Cuando Totó homenajeó al séptimo arte

Hablar de Cinema Paradiso (1988) supone hablar de la vida misma, del crecimiento personal y del ser humano. Es imposible no reir y llorar durante su proyección, haciéndose indispensable intentar definirla con la única palabra que le hace justicia: entrañable. Es un cine para todos, hecho desde la emoción y desde los recuerdos felices de la infancia. El paso de la vida como recurso literario, que hila el argumento de principio a fin.

Porque cada personaje es entrañable. Cada risa de Totó, cada paso que el niño (o joven) da durante la historia, sirve para ahondar en el corazón del espectador. El loco de la plaza, el rico del pueblo, la madre o el cinematógrafo. Éste último en especial. Ese cinematógrafo ciego que sigue viendo el mundo a través de las frases de las películas que proyectó a lo largo de su vida.
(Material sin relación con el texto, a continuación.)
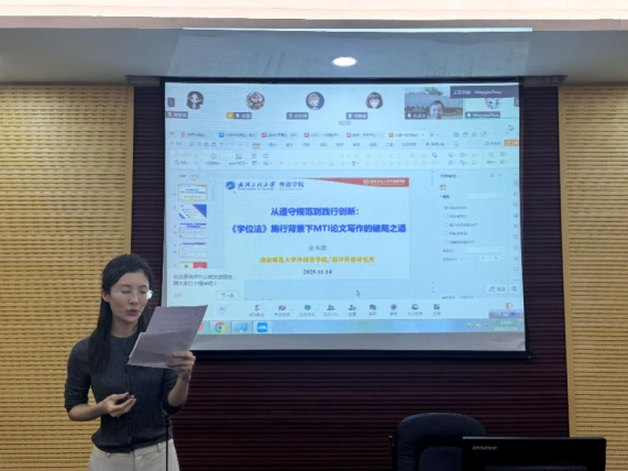 在内容讲解中,余教授结合自身丰富的科研经历与指导经验,从选题逻辑、实践语料构建、理论框架建立到案例分析方法,逐步讲解MTI论文写作的关键环节,帮助学生厘清论文写作中的痛点与堵点。整个报告内容深入浅出、结构清晰,为MTI研究生明确了从规范迈向创新的可行路径。

Porque la escena final es entrañable. Donde el protagonista, exitoso director, rememora a través de los recortes de celuloide, pegados y unidos con celofán, el film de su existencia. Porque los pecados, besos y sexo, censurados por el cura representan la conciencia de una época y su evolución. O porque Morricone acompaña la historia.

Y, sobretodo, porque cada fotograma es un auténtico homenaje al séptimo arte. Por todo ello sólo se puede concebir concebir esta obra como un auténtico poema: una oda a la cine.